Conference Explores Role of Gossip

Gossip dates back to Roman Empire

Dawn Cornelio, left, and Stéphanie Nutting

Think we’re the only ones who gossip? Apparently not. Bottleneck dolphins have been observed discussing other members of their pods who happen to be absent.

And while these days we often think of gossiping on social network sites and by text messages, people have been talking about others behind their backs throughout history.

You can learn more about the ramifications and role of gossip at the “Gossip…so much more than hearsay” conference, organized by Profs. Dawn Cornelio and Stéphanie Nutting, both from the School of Languages and Literatures. They are working with a planning committee that includes Prof. Don Dedrick of the philosophy and psychology departments along with French studies undergraduate student Jessica Martin and European studies master’s student Jamie Jackson.

Scheduled for May 10 to 12, the event will feature keynote speakers Prof. Vincent Janik, from Scotland, who has studied gossip among dolphins, and Prof. Nathalie Solomon, from France, who will be discussing “Gossip as a Creative Device.” Between 25 and 30 other papers will be presented as well, exploring gossip from many perspectives. Dedrick, for example, will discuss gossip as a by-product of evolutionary pressures.

Cornelio and Nutting became interested in this topic after hearing Solomon speak at an earlier event. Says Nutting: “Her talk was limited to gossip in literature but we thought that there were many other fields where gossip hasn’t been explored. It’s a big topic. We think of gossip as being trivial but in fact it is very powerful.”

Coming up with a precise definition of gossip wasn’t easy, and the organizers have deliberately picked one that was broadly inclusive. “We define it as communication about an absent individual,” says Cornelio. “It’s not just being nasty about someone; it’s much more complex than that. It can be positive or negative.”

“And it’s been around forever,” Nutting adds. “There is a taboo about gossip, but I don’t think you can get rid of it. In fact, that’s one of the issues to be discussed at the conference – questions of propaganda and censorship.”

Finding speakers for the event was a bit tougher than they’d expected at first. “Nobody has a PhD in gossip,” points out Nutting. “This is a novel topic for a conference, and while everyone is fascinated by the topic, it does push people out of their comfort zone to actually examine it.”

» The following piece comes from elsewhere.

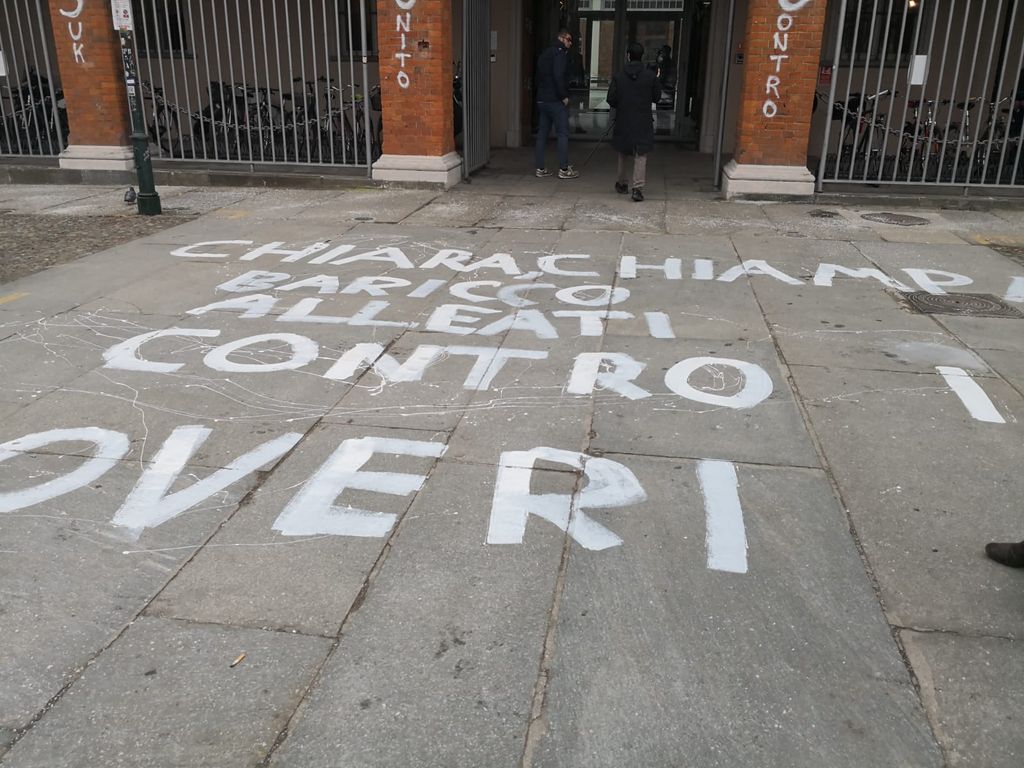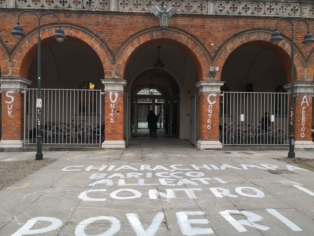 Trasferimento suk in via Carcano, scritte sulla Holden: "Chiara e Chiampa contro i poveri" (FOTO)

Yet understanding the uses and powers of gossip adds new perspectives to many fields. Cornelio points out how countries use gossip to shame and manipulate each other. For example, the U.S. did this to countries that were unwilling to participate in the coalition president George W. Bush created.

During the time of the Roman Empire, news and information spread more quickly through gossip and informal back channels than it could through the official routes.

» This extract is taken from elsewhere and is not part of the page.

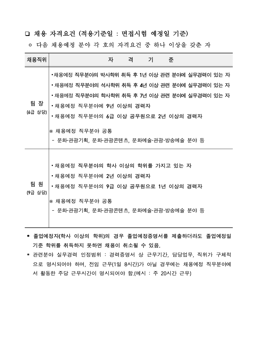 (재)속초문화관광재단 문화도시센터 팀장 채용공고

“Gossip is often seen as something women do,” says Nutting. “That’s inaccurate, but women are especially vulnerable to gossip,” she says. “For women, the public and private spheres of their lives are not as separate as they appear to be for men.”

Speakers who will highlight this point are Jamie Jackson, Melissa Skinner-LaPorte and Matthew Toth, all graduate students who have been working with music professor Kimberly Francis. They will discuss the gossipy side of the letters between composer and music teacher Nadia Boulanger and Théodore Strawinsky, son of the famed composer Igor Stravinsky (his son chose the Russian spelling of the family name).

Will this conference be the first of many on gossip? Cornelio says they’ve been so busy organizing this one that they haven’t actually made a plan for the future, but she’d like to see conferences on this topic offered in other parts of the world. “We have established a recent partnership with the Crossroads in Cultural Narratives organization, involving nine European universities plus the U of G,” she adds, explaining that her hope is that one of the European universities in the group might take on the conference next.

Arrangements have already been made to publish some of the papers presented through Synergies, an electronic journal based at U of G.

Students will be able to attend the conference at no charge; a small fee will be required of the general public to cover some of the costs. “This will be an exciting event with lots of opportunity for interaction, sharing and developing ideas, and it’s small enough that everyone will be able to hear all the papers,” says Nutting.